I have a list of dicts and I want to merge dicts that have the same key, value for later use in a dataframe. PS: I don't know if pandas can handle this by itself. Maybe it's not necessary to append the dicts.
My list of dicts:
[{'country': 'Brazil', 'State': 'São Paulo', 'description': '"Estado de São Paulo"'},
{'country': 'Brazil', 'State': 'Rio de Janeiro', 'description': '"Estado do Rio de Janeiro"'},
{'country': 'Brazil', 'State': 'Rio de Janeiro', 'population': '12345'},
{'country': 'Brazil', 'State': 'Rio de Janeiro', 'work_force': '2345'},
{'country': 'Brazil', 'State': 'Paraná', 'description': '"Estado do Paraná"'},
{'country': 'Brazil', 'State': 'Santa Catarina', 'description': '"Estado de Santa Catarina"'},
{'country': 'Brazil', 'State': 'Santa Catarina', 'population': '54321'},
{'country': 'Brazil', 'State': 'Santa Catarina', 'work_force': '4321'}]
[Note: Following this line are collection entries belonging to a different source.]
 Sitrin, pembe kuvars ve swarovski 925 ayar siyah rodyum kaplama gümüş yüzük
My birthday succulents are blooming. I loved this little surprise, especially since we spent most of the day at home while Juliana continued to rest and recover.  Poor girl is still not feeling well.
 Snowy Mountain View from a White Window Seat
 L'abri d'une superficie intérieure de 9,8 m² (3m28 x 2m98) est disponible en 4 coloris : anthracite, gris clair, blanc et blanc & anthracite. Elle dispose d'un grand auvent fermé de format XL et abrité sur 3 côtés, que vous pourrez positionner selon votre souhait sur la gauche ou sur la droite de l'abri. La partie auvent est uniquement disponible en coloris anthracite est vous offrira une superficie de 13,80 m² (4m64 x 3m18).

Output when I create the dataframe:
country State description population work_force
0 Brazil São Paulo "Estado de São Paulo" NaN NaN
1 Brazil Rio de Janeiro "Estado do Rio de Janeiro" NaN NaN
2 Brazil Rio de Janeiro NaN 12345 NaN
3 Brazil Rio de Janeiro NaN NaN 2345
4 Brazil Paraná "Estado do Paraná" NaN NaN
5 Brazil Santa Catarina "Estado de Santa Catarina" NaN NaN
6 Brazil Santa Catarina NaN 54321 NaN
7 Brazil Santa Catarina NaN NaN 4321
What I need:
country State description population work_force
0 Brazil São Paulo "Estado de São Paulo" NaN NaN
1 Brazil Rio de Janeiro "Estado do Rio de Janeiro" 12345 2345
2 Brazil Paraná "Estado do Paraná" NaN NaN
3 Brazil Santa Catarina "Estado de Santa Catarina" 54321 4321
The desired output is achieved when I merge the dicts:
{'country': 'Brazil', 'State': 'Rio de Janeiro', 'description': '"Estado do Rio de Janeiro"', 'population': '12345', 'work_force': '2345'},
{'country': 'Brazil', 'State': 'Paraná', 'description': '"Estado do Paraná"'},
{'country': 'Brazil', 'State': 'Santa Catarina', 'description': '"Estado de Santa Catarina"', 'population': '54321', 'work_force': '4321'}]
So I'm looking for ways of merging thoses dicts into a single on based on the key "State".
CodePudding user response:
yes pandas can handle this. group on country and state and take the first value:
df.groupby(["country","State"],sort=False).first().reset_index()